◆ Exercise goal ◆
When you write out the listing, keep every word as it stands and drop the pictures.

◆ Available data ◆
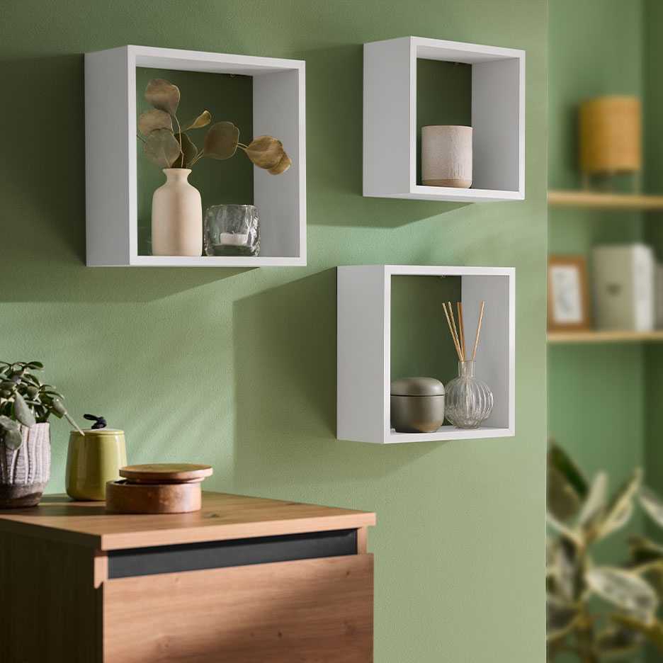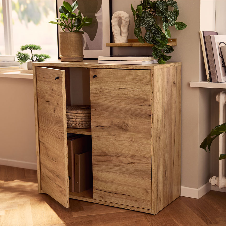 Ниските шкафове или скриновете със затворени предни страни създават усещане за спокойствие – независимо дали зад вратите цари безпорядък. Ако обичаш отворените рафтове, просто прибери дребните предмети в красиви кутии и кошници за съхранение с текстилна облицовка.
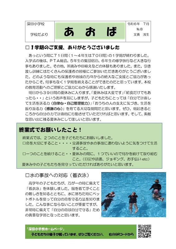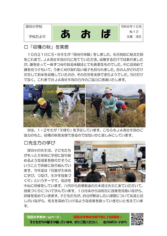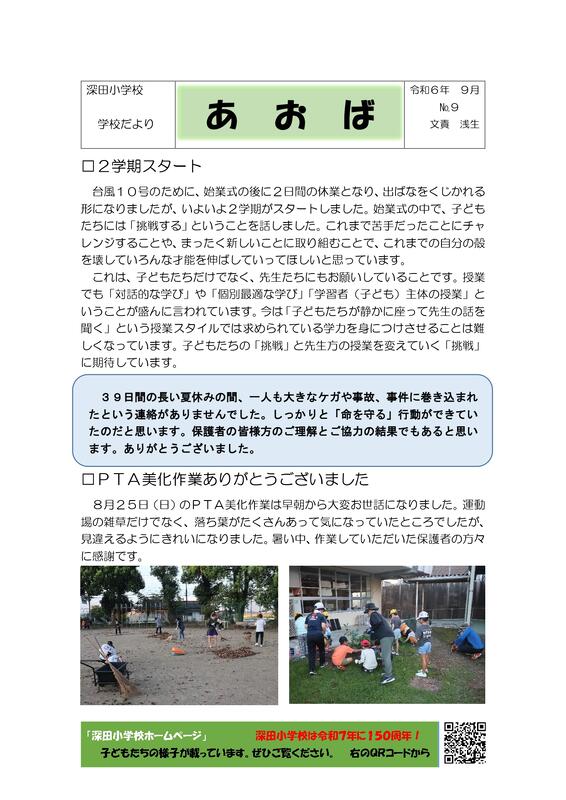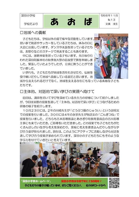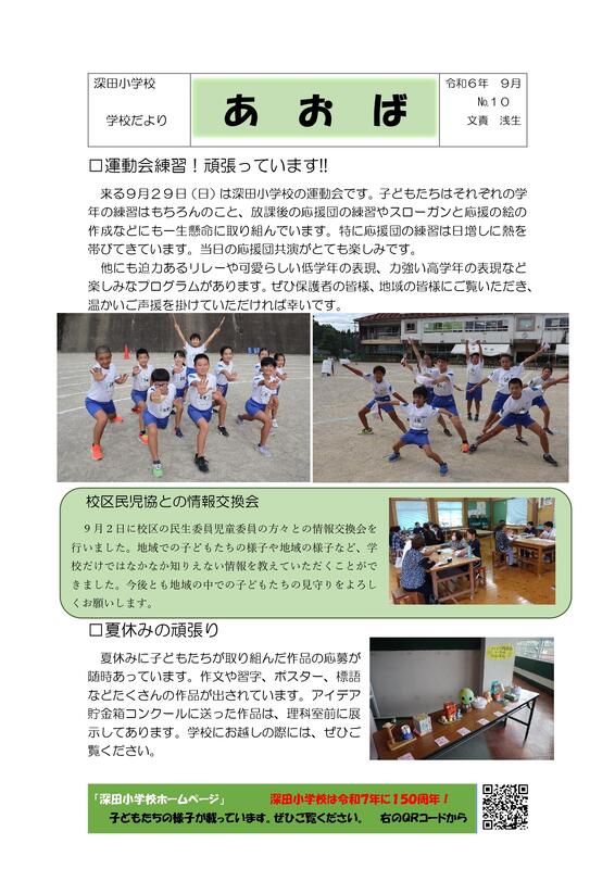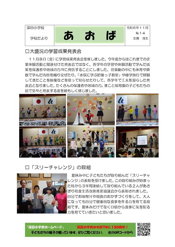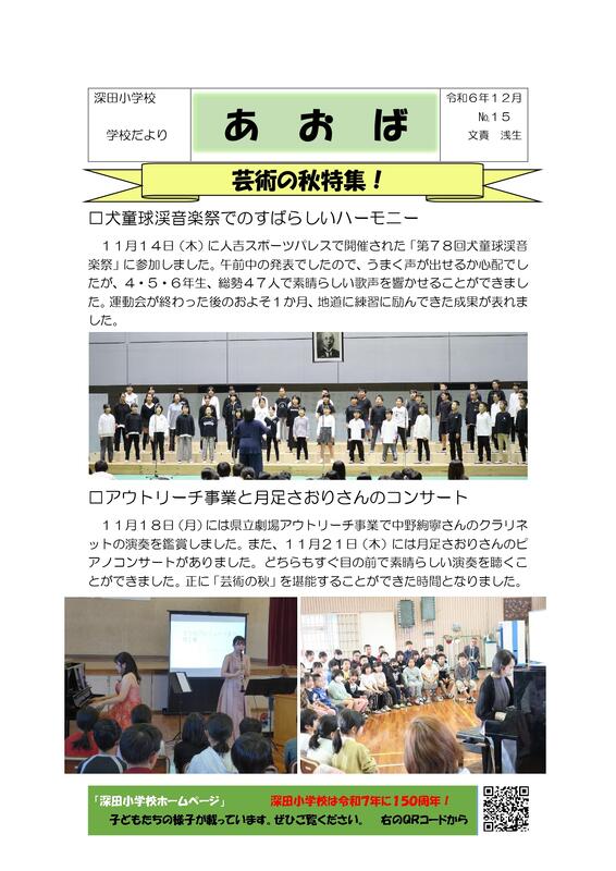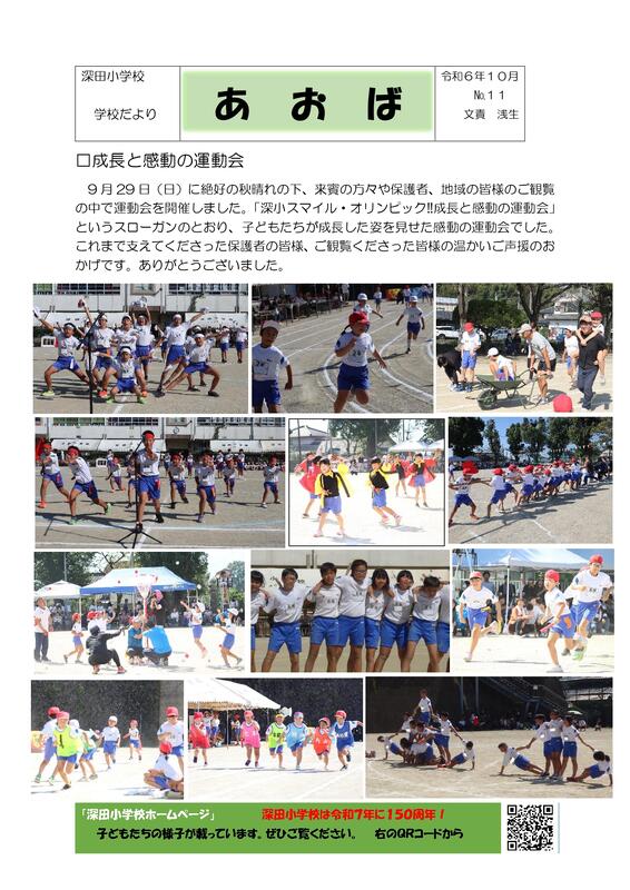 トップページログインはこちら学校の概要学校だより「あおば」学校生活行事予定お知らせ深田小学校創立150周年記念事業
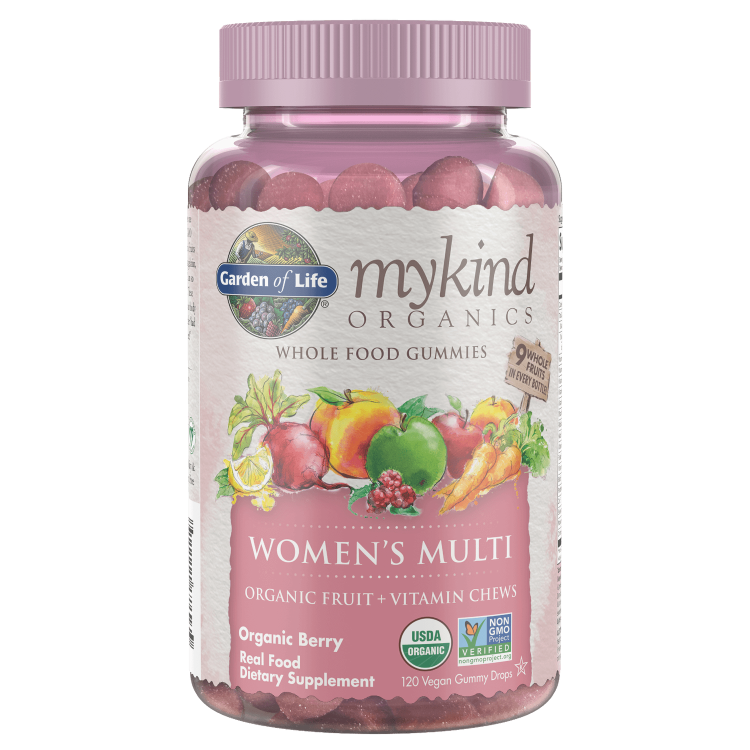 Made from only whole food ingredients including nine different organic fruits, certified USDA Organics and Non-GMO Project Verified, our Garden of Life mykind Organics Women’s Multi Gummies are specifically designed to support women’s health needs.
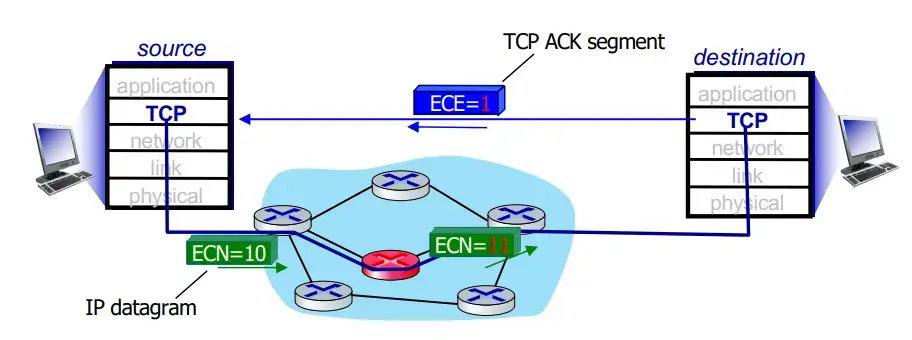 Khi có khả năng xảy ra tắc nghẽn, các router sẽ chủ động đánh dấu gói tin IP (đánh dấu ECN bit) nhằm báo hiệu cho bên gửi giảm tốc độ truyền.

◆ Solution to this problem ◆
 Ниските шкафове или скриновете със затворени предни страни създават усещане за спокойствие – независимо дали зад вратите цари безпорядък. Ако обичаш отворените рафтове, просто прибери дребните предмети в красиви кутии и кошници за съхранение с текстилна облицовка.
 トップページログインはこちら学校の概要学校だより「あおば」学校生活行事予定お知らせ深田小学校創立150周年記念事業
 Made from only whole food ingredients including nine different organic fruits, certified USDA Organics and Non-GMO Project Verified, our Garden of Life mykind Organics Women’s Multi Gummies are specifically designed to support women’s health needs.
 Khi có khả năng xảy ra tắc nghẽn, các router sẽ chủ động đánh dấu gói tin IP (đánh dấu ECN bit) nhằm báo hiệu cho bên gửi giảm tốc độ truyền.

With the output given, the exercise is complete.